History of North America

What does the right of states to limit power federal government mean?

The right of states to limit the power of the federal government is a fundamental principle of American federalism. It is based on the idea that the federal government should only have the powers that are specifically delegated to it by the Constitution, and that all other powers are reserved to the states.

This principle is reflected in the Tenth Amendment to the Constitution, which states:

> "The powers not delegated to the United States by the Constitution, nor prohibited by it to the States, are reserved to the States respectively, or to the people."
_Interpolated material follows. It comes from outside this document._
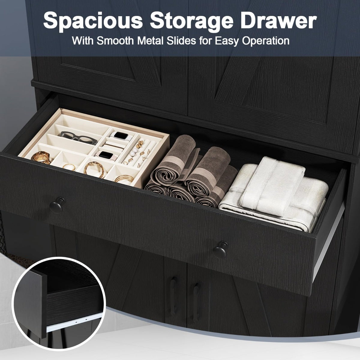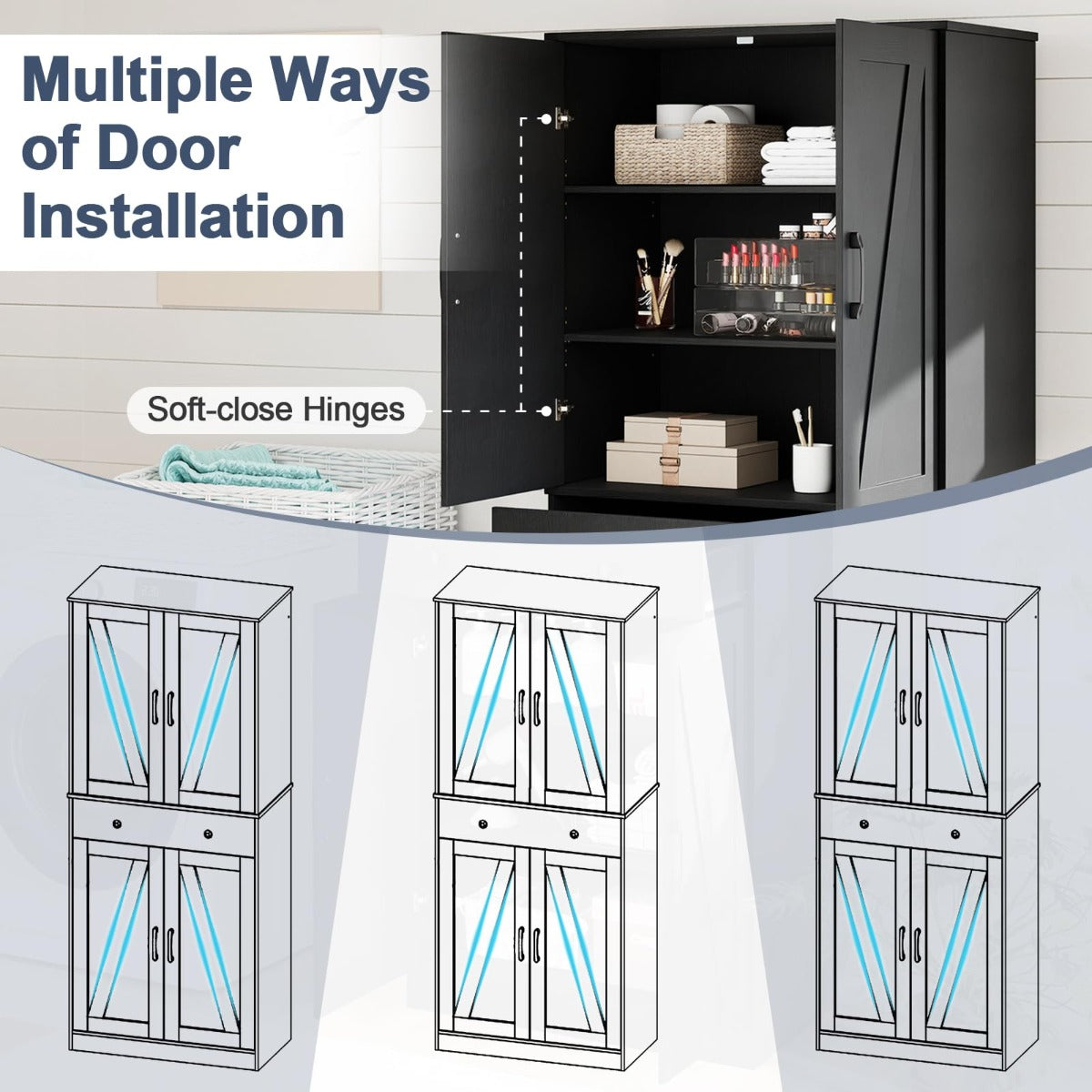 - Luxe details: soft-close scharnieren en charmante schuurdeuren voor een stijlvolle uitstraling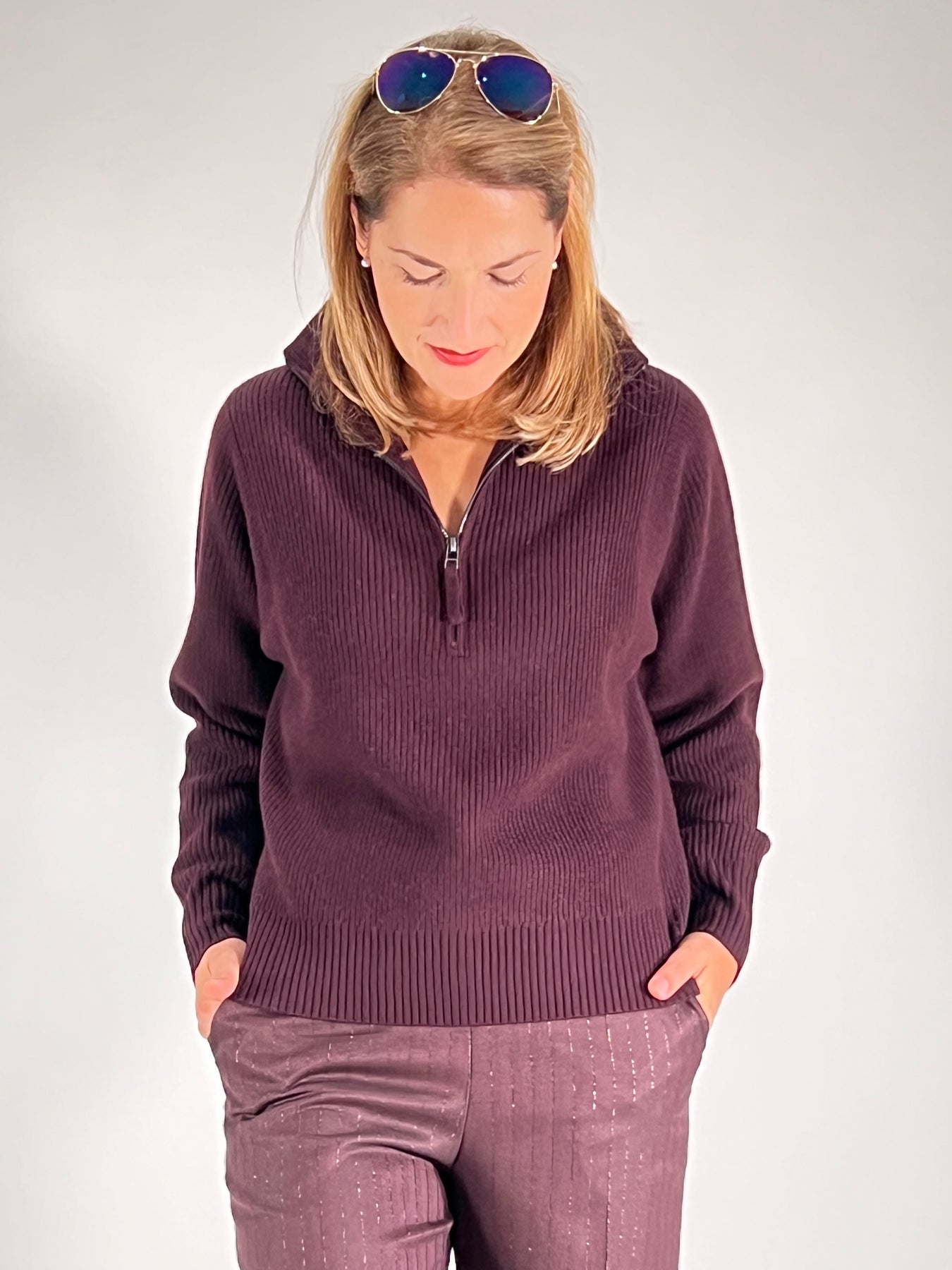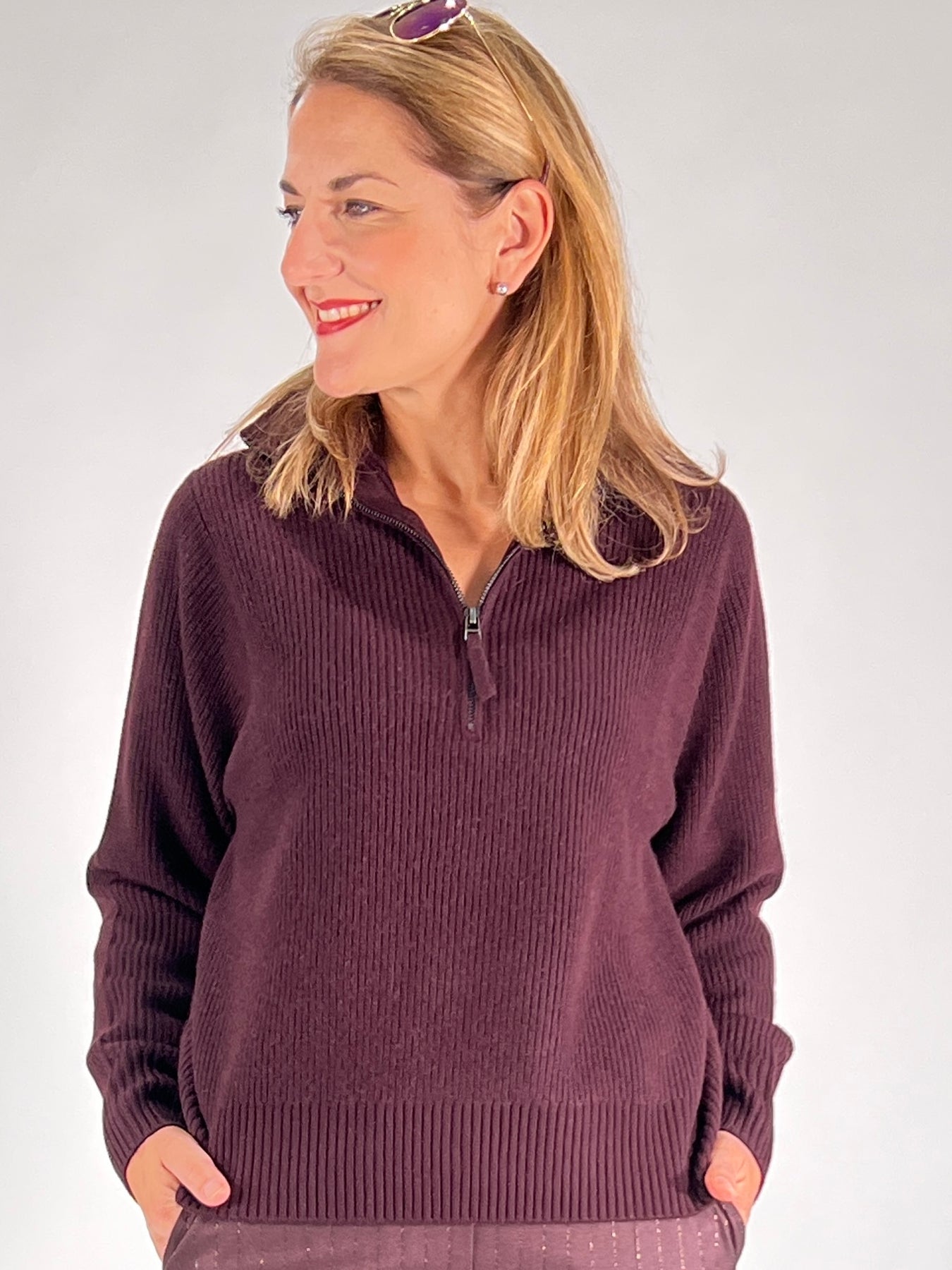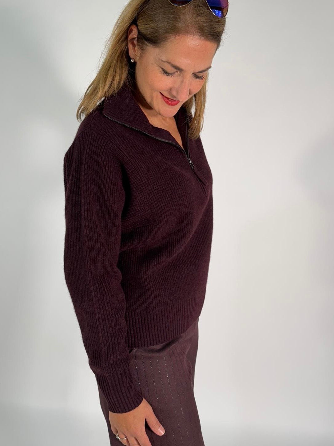 • Legerer Woll-Pullover im Ripp-Strick in einem tiefen rotbraunem Burgund

In other words, the federal government can only exercise the powers that are explicitly listed in the Constitution. Any powers that are not listed in the Constitution are reserved to the states or to the people.

This principle has been upheld by the Supreme Court in numerous cases. For example, in the case of _McCulloch v. Maryland_ (1819), the Supreme Court ruled that the federal government could not create a national bank because the Constitution did not specifically delegate that power to the federal government. In the case of _United States v. Lopez_ (1995), the Supreme Court ruled that the federal government could not regulate gun-free school zones because the Constitution did not specifically delegate that power to the federal government.

The right of states to limit the power of the federal government is an important safeguard against the abuse of power by the federal government. It ensures that the federal government does not become too powerful and that the states retain their autonomy.